The [Forum on Information Standards in Heritage (FISH)](https://heritage-standards.org.uk/) terminology working group administer and maintain UK national standard controlled terminologies for cultural heritage - known as the [FISH Vocabularies](https://heritage-standards.org.uk/fish-vocabularies/). These are made freely available for download and use as Linked Open Data via the [Heritage Data](https://www.heritagedata.org/) site. 

The [Getty Art & Architecture Thesaurus (AAT)](http://vocab.getty.edu/aat/) is made available online as Linked Open Data. The (poly)hierarchical structure is subdivided at the top level into a number of facets. We have isolated terms originating from the [AAT Activities facet](https://vocab.getty.edu/aat/300404112) for this exercise.

The listing following the source code sections below shows actual output of the process. These results are also merged within the originating input data under the 'spans' section and saved as a new file. The following example illustrates how the spans identified in the 3rd result record are merged into the existing 'spans' section:

![alt text](img/added-span-results.png "Added span results")



In [1]:
%%capture
import warnings
# suppress user warnings during execution
warnings.filterwarnings(action='ignore', category=UserWarning)

# install prerequisites
%pip install spacy
%pip install srsly
%sx python -m spacy download en_core_web_sm

In [5]:
import spacy # for NER processing
from spacy import displacy # for visualisation of NER tagged text
import srsly # for JSONL serialization/deserialization
from rematch2 import VocabularyRuler, DocSummary # custom vocabulary-based NER components
from IPython.display import display, HTML # for displaying HTML output in Python notebook

# read records from a JSONL file
def read_data(file_name: str="") -> list:
    return list(srsly.read_jsonl(file_name))

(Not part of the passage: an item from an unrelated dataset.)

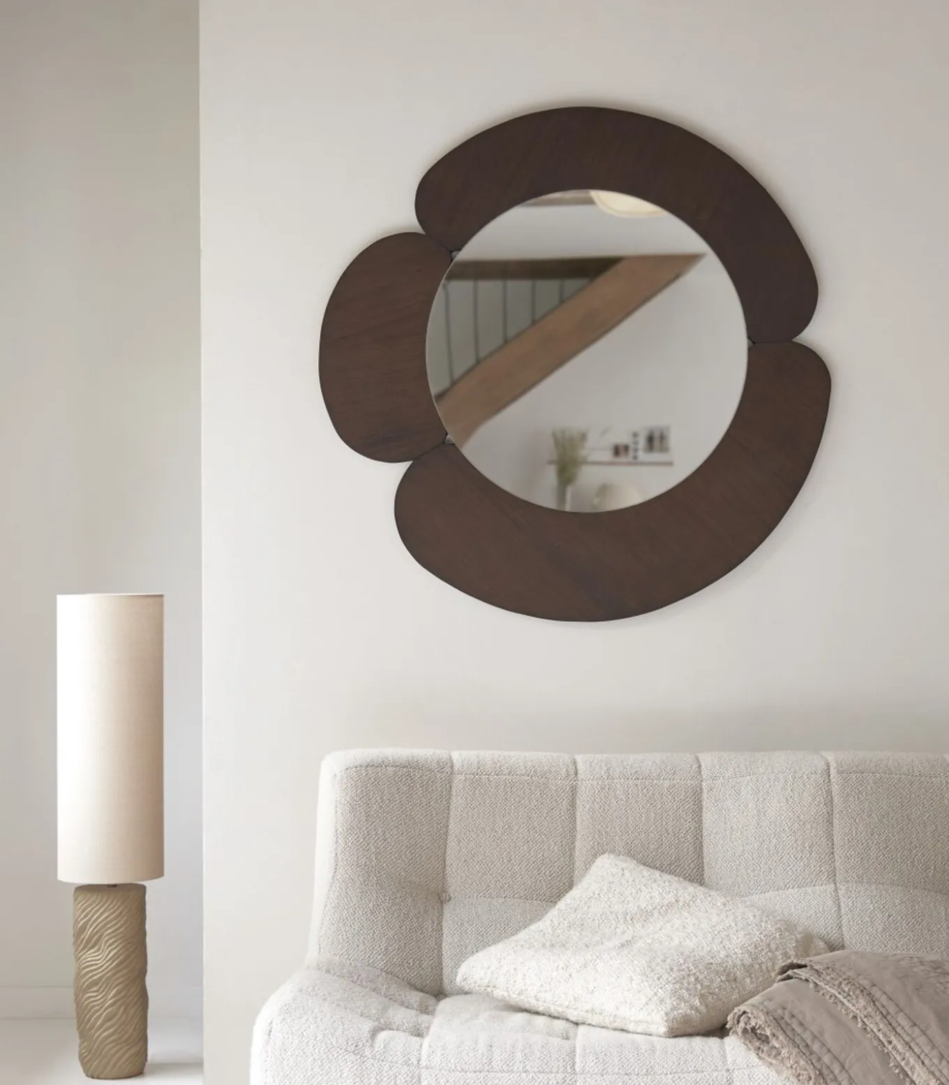 De prachtig vormgegeven ronde spiegel Sara in massief mindihout is een topstuk met een gelakte afwerking voor dagelijks gebruiksgemak. Hij is ook verkrijgbaar is licht mindihout.

# write records to a JSONL file
def write_data(file_name: str="", data: list=[]):
    srsly.write_jsonl(file_name, data)

# check if a given span exists in a list of spans
# comparing start position, end position and label
def span_exists(span: dict, lst: list) -> bool:
    start = span.get("start", "")
    end = span.get("end", "")
    label = span.get("label", "")
    return any(
        item.get("start") == start 
        and item.get("end") == end 
        and item.get("label") == label for item in lst
    )           

if __name__ == '__main__':
    # read input data from file
    FILE1 = "./data/input/sample_input.jsonl"
    FILE2 = "./data/input/sample_annotated_output.jsonl"
    FILE3 = "./data/input/journal_metadata.jsonl"
    FILE4 = "./data/input/report_metadata.jsonl"    
    input_filename = FILE2
    data = read_data(input_filename)

    # set up default base NER pipeline (English)
    nlp = spacy.load("en_core_web_sm", disable = ['ner'])

    # add custom pipeline NER components
    nlp.add_pipe("fish_event_types_ruler", last=True)   
    nlp.add_pipe("fish_archsciences_ruler", last=True)   
    nlp.add_pipe("aat_activities_ruler", last=True)  
    
    for item in data:
        identifier = item.get("meta", {}).get("id", "")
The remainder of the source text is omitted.